* SUPPLIED INFORMATION:
BEGIN

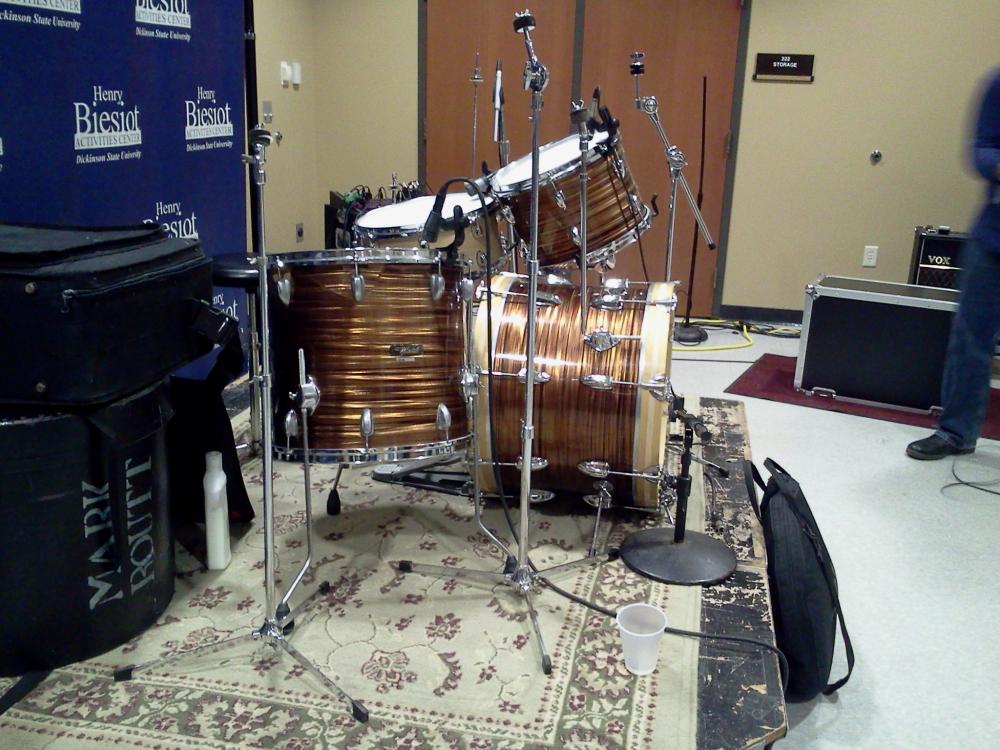 Out of state for work - but ever so grateful as I have been able to start gigging again after about a two year absence. I brought my Root Beer Whitehall kit out with me - as it is perfectly fitting to be playing the Country/rock that these local bands are playing.
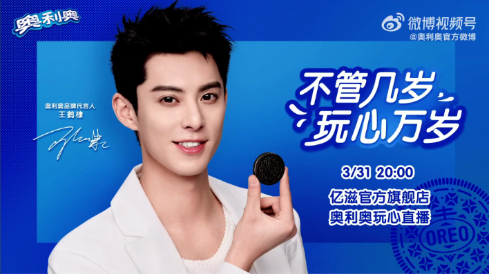 3 月 31 日,奧利奧官宣王鶴棣(明星代言公司)為品牌代言人,官宣 pv...
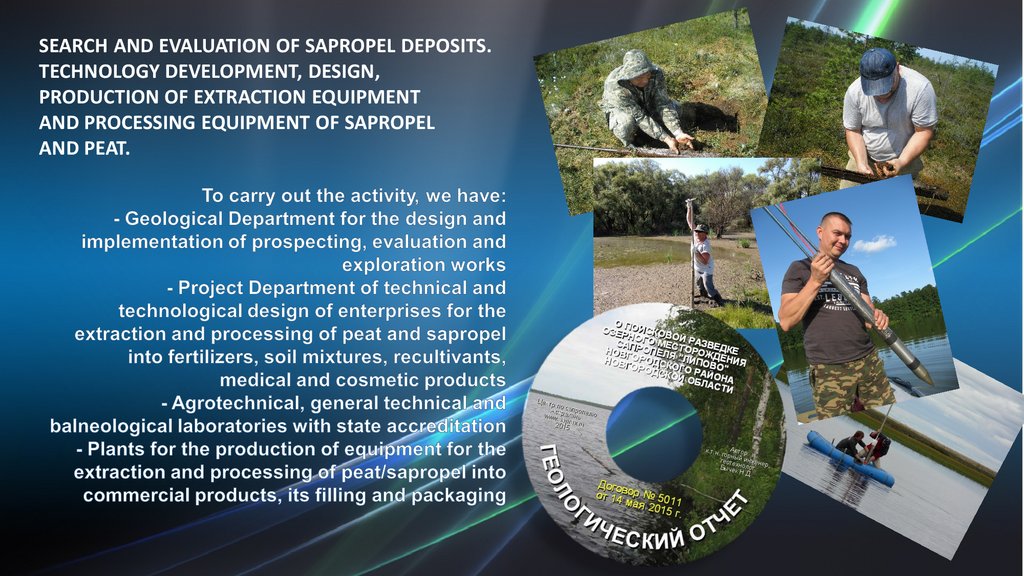 1. SEARCH AND EVALUATION OF SAPROPEL DEPOSITS.TECHNOLOGY DEVELOPMENT, DESIGN,
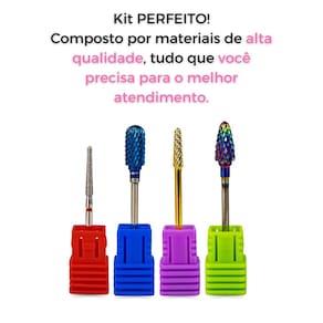 Características Principais: - Cortes Extra Finos, Finos, Médio e Grosso; - Kit com 4 Unidades; - Modelo Flame S (F) 720; - Modelo F Gold Umbrella; - Modelo C Colourful Bullet ST; - Modelo M Blue Large Barrel Ball ST; - Ideal para todas as áreas e processos; - Não danifica as unhas naturais; - Perfeita para alongamentos de unhas, e acabamentos; - Garante precisão; - Acabamentos detalhados.
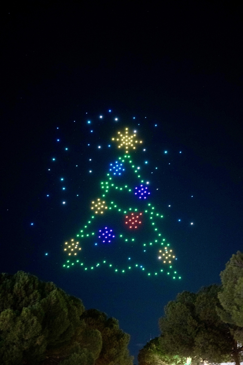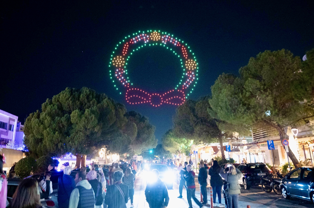 Ειδικότερα, στις 20:00, τα drones φώτισαν τον ουρανό, παρουσιάζοντας ένα φαντασμαγορικό υπερθέαμα με χριστουγεννιάτικα σχέδια, συμβολισμούς και ευχές του Δήμου.
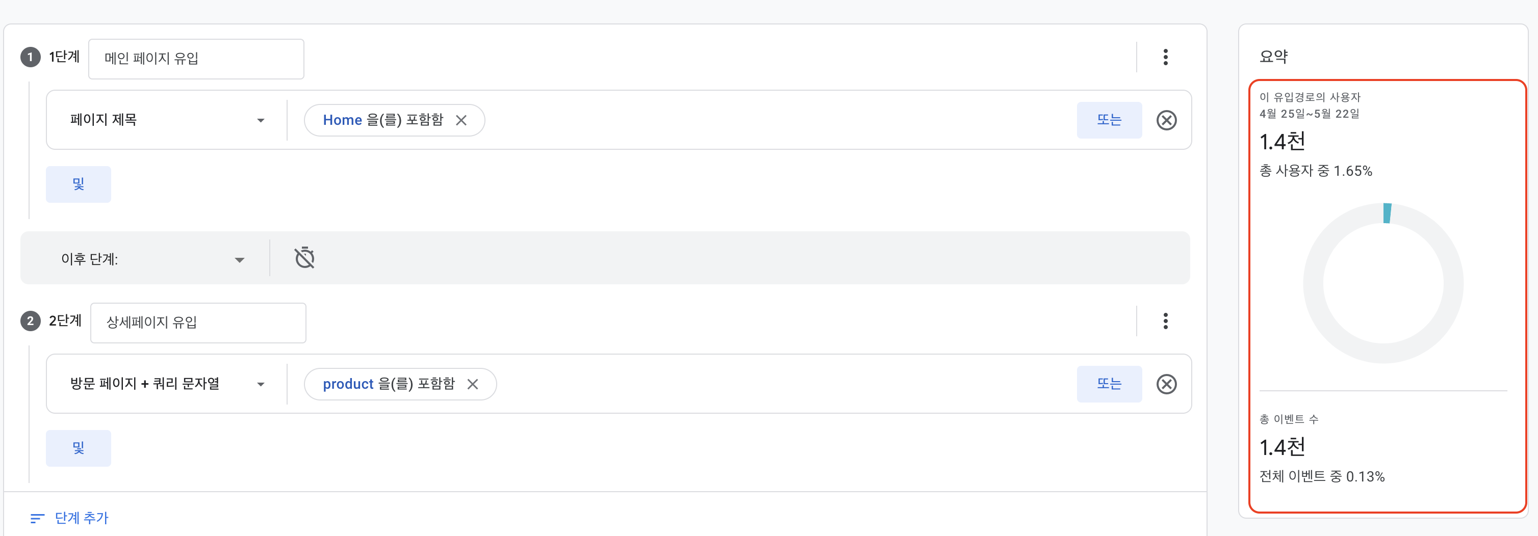 상세페이지에 접속하는 이벤트들을 추적하기 위해서는 새 조건 추가 > 페이지/화면 > 방문 페이지 + 쿼리 문자열 > 필터: product 를 통해 추가할 수 있으며 그 결과 아래와 같이 4.6만 -> 1.4천 으로 이벤트 개수가 확연하게 줄은 것을 확인할 수 있다. 여기서 서비스 기획이
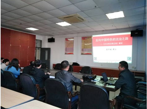2018年12月26日,正值毛泽东同志诞辰125周年,我院梁开斌副院长受邀以“走向中国特色的法治之路——《2018宪法修正案》解读”为题,在知识产权研究院党支部开讲党课。
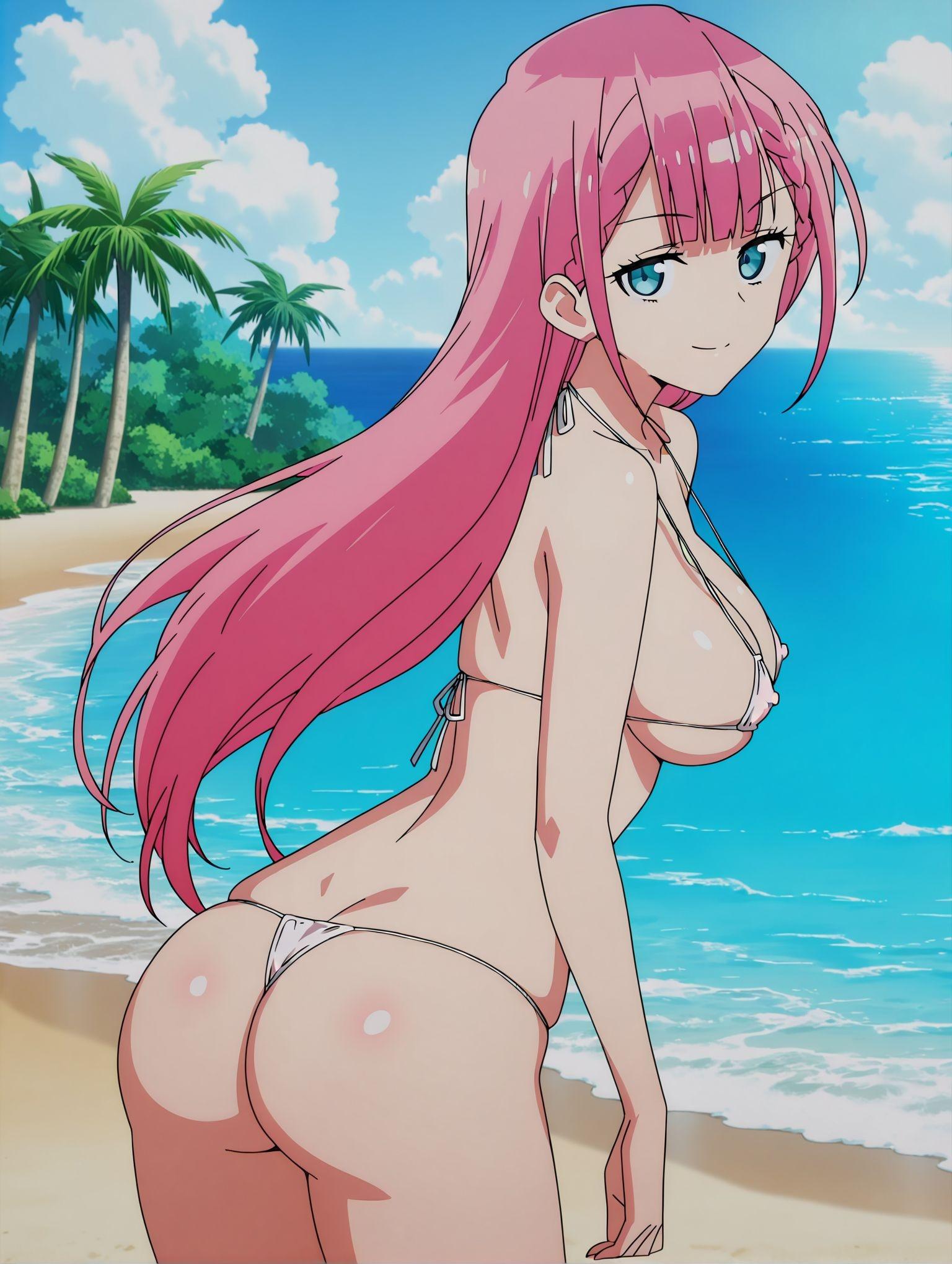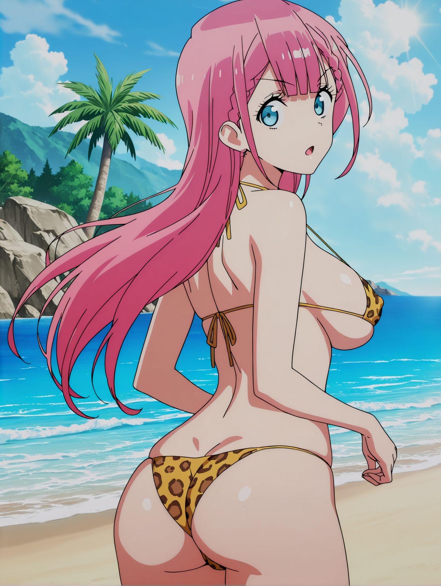 ヒョウ柄、ゴールド、シルバーという、もはやAVでしか見かけない柄のマイクロビキニを着せてみましたw

END

* ABOUT THIS TASK: Repeat each record as given. No picture belongs in the copy.

* ANSWER AREA:
 Out of state for work - but ever so grateful as I have been able to start gigging again after about a two year absence. I brought my Root Beer Whitehall kit out with me - as it is perfectly fitting to be playing the Country/rock that these local bands are playing.
 3 月 31 日,奧利奧官宣王鶴棣(明星代言公司)為品牌代言人,官宣 pv...
 1. SEARCH AND EVALUATION OF SAPROPEL DEPOSITS.TECHNOLOGY DEVELOPMENT, DESIGN,
 Características Principais: - Cortes Extra Finos, Finos, Médio e Grosso; - Kit com 4 Unidades; - Modelo Flame S (F) 720; - Modelo F Gold Umbrella; - Modelo C Colourful Bullet ST; - Modelo M Blue Large Barrel Ball ST; - Ideal para todas as áreas e processos; - Não danifica as unhas naturais; - Perfeita para alongamentos de unhas, e acabamentos; - Garante precisão; - Acabamentos detalhados.
 Ειδικότερα, στις 20:00, τα drones φώτισαν τον ουρανό, παρουσιάζοντας ένα φαντασμαγορικό υπερθέαμα με χριστουγεννιάτικα σχέδια, συμβολισμούς και ευχές του Δήμου.
 상세페이지에 접속하는 이벤트들을 추적하기 위해서는 새 조건 추가 > 페이지/화면 > 방문 페이지 + 쿼리 문자열 > 필터: product 를 통해 추가할 수 있으며 그 결과 아래와 같이 4.6만 -> 1.4천 으로 이벤트 개수가 확연하게 줄은 것을 확인할 수 있다. 여기서 서비스 기획이
2018年12月26日,正值毛泽东同志诞辰125周年,我院梁开斌副院长受邀以“走向中国特色的法治之路——《2018宪法修正案》解读”为题,在知识产权研究院党支部开讲党课。
 ヒョウ柄、ゴールド、シルバーという、もはやAVでしか見かけない柄のマイクロビキニを着せてみましたw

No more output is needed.